_Data segment_:
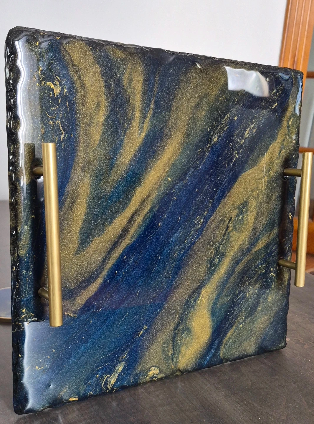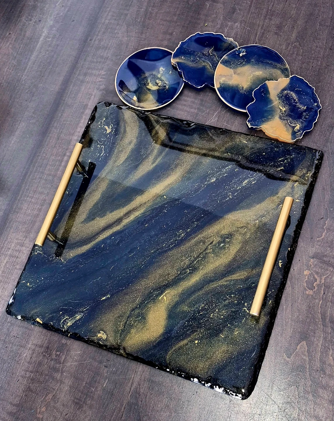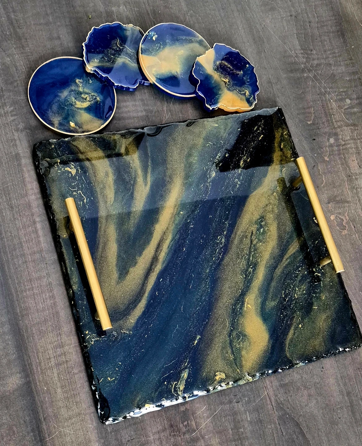 Decorative serving tray and four coasters with a striking blue and gold marbled design. The tray features sturdy gold-toned handles. This set is made from resin and adds a pop of colour to any tabletop.
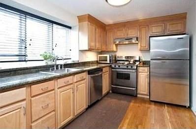 Lovely, 2 bedroom plus study, 2 bath townhome built in 1987. Flowing, open floorplan with wood flooring throughout. Kitchen with bay window, wood cabinetry, granite countertops, and stainless steel appliances. Gas fireplace in living room with custom blinds. Marble master bath. 1 direct entry garage with 1 additional outside parking space. Custom patio with pavers and plantings. Central air. Storage. 100% owner occupied, 12 unit complex. Terrific access to Mass Pike and public transportation.
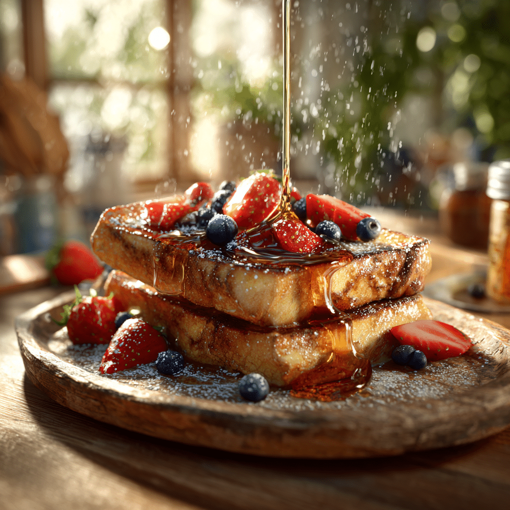 Homemade French Toast is my go-to weekend breakfast. I whisk eggs, milk, cinnamon, and vanilla to make a creamy custard, dip thick slices of brioche or challah, and cook them golden on a skillet. Serve with butter, maple syrup, and fresh berries for a cozy, indulgent treat. It’s perfect for lazy mornings, family brunches, or when you simply want to feel comforted by food. The recipe is simple, quick, and creates magical breakfast memories. With a few tips like using slightly stale bread and balancing sweetness with a pinch of salt, it’s always perfect.
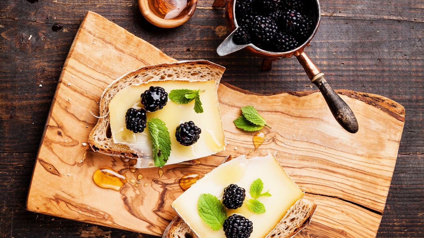 Wallpaper Sandwiches with cheese, honey and blueberries

_Aim of the exercise_:
Your reply should consist solely of the lines above, from the opening line through the line with "Lovely, 2 bedroom", reproduced exactly and without pictures.

_Result_:
 Decorative serving tray and four coasters with a striking blue and gold marbled design. The tray features sturdy gold-toned handles. This set is made from resin and adds a pop of colour to any tabletop.
 Lovely, 2 bedroom plus study, 2 bath townhome built in 1987. Flowing, open floorplan with wood flooring throughout. Kitchen with bay window, wood cabinetry, granite countertops, and stainless steel appliances. Gas fireplace in living room with custom blinds. Marble master bath. 1 direct entry garage with 1 additional outside parking space. Custom patio with pavers and plantings. Central air. Storage. 100% owner occupied, 12 unit complex. Terrific access to Mass Pike and public transportation.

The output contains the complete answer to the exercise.